Attackers are using legitimate Google infrastructure to target victims in a new wave of phishing campaigns. Free developer accounts on Google Firebase are being used by scammers to send phony emails that successfully get past conventional security measures. The Attack's Mechanism One popular platform for creating web and mobile applications is Google Firebase.

It provides a "free tier" that lets developers host small projects and test code for free. Phishing website (source: Twitter) According to PaloAlto Network, cybercriminals are now creating these free accounts in order to send emails and host phishing content. The emails have a high domain reputation since they come from subdomains that end in firebaseapp.com, a domain linked to Google's reliable infrastructure.

This makes it possible for the malicious emails to bypass spam blocklists and reach the victim's primary inbox. Phishing website (source: Twitter) Fear and greed are the two main psychological triggers used by the campaign to control its victims. Scare Tactics: A large number of the detected emails pose as well-known companies or banks.

They urge the victim to click a link right away in order to fix a fictitious security issue by sending urgent alerts about "fraudulent account use." High-Grade Attractions: Other emails, on the other hand, lure users in with offers of exclusive giveaways or free, valuable goods. Under the pretense of sending a prize, these are made to steal private information, like login credentials or credit card numbers. Compromise Indicators (IOCs) Certain patterns in the sender addresses were brought to light by the investigation.

Random alphanumeric strings linked to the Firebase domain are frequently used in these addresses. Examples of observed senders are noreply@pr01-1f199.firebaseapp[. ]com and noreply@pro04-4a08.a.firebaseapp[.

]com noreply@zamkksdjauys.firebaseapp[. ]com When a user clicks the email's call-to-action button, they are taken to the final phishing page via a variety of compromised websites or URL shorteners. URLs like hxxps[:]//rebrand[. ]ly/auj0ngh hxxp[:]//clouud.thebatata[.]org/click[.]php?

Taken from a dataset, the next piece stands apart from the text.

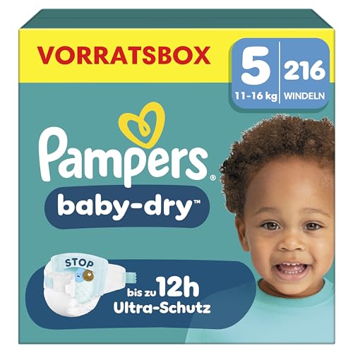 Pampers Baby-Dry storlek 5, 216 blöjor, 11–16 kg, upp till 100% läckageskydd och komfort hela natten

hxxps[:]//www.servercrowdmanage[. ]com/5N98X9F/21NRJNSZ/ have been found to contain malicious redirect chains. This campaign serves as an example of how attackers are "living off the land" by disguising malicious activity through trusted services. Traffic from firebaseapp.com subdomains that do not correspond with known business applications should be closely monitored by security teams.

Even if the technical sender address seems to be hosted on a trustworthy platform, users should be on the lookout for unsolicited emails requesting immediate action.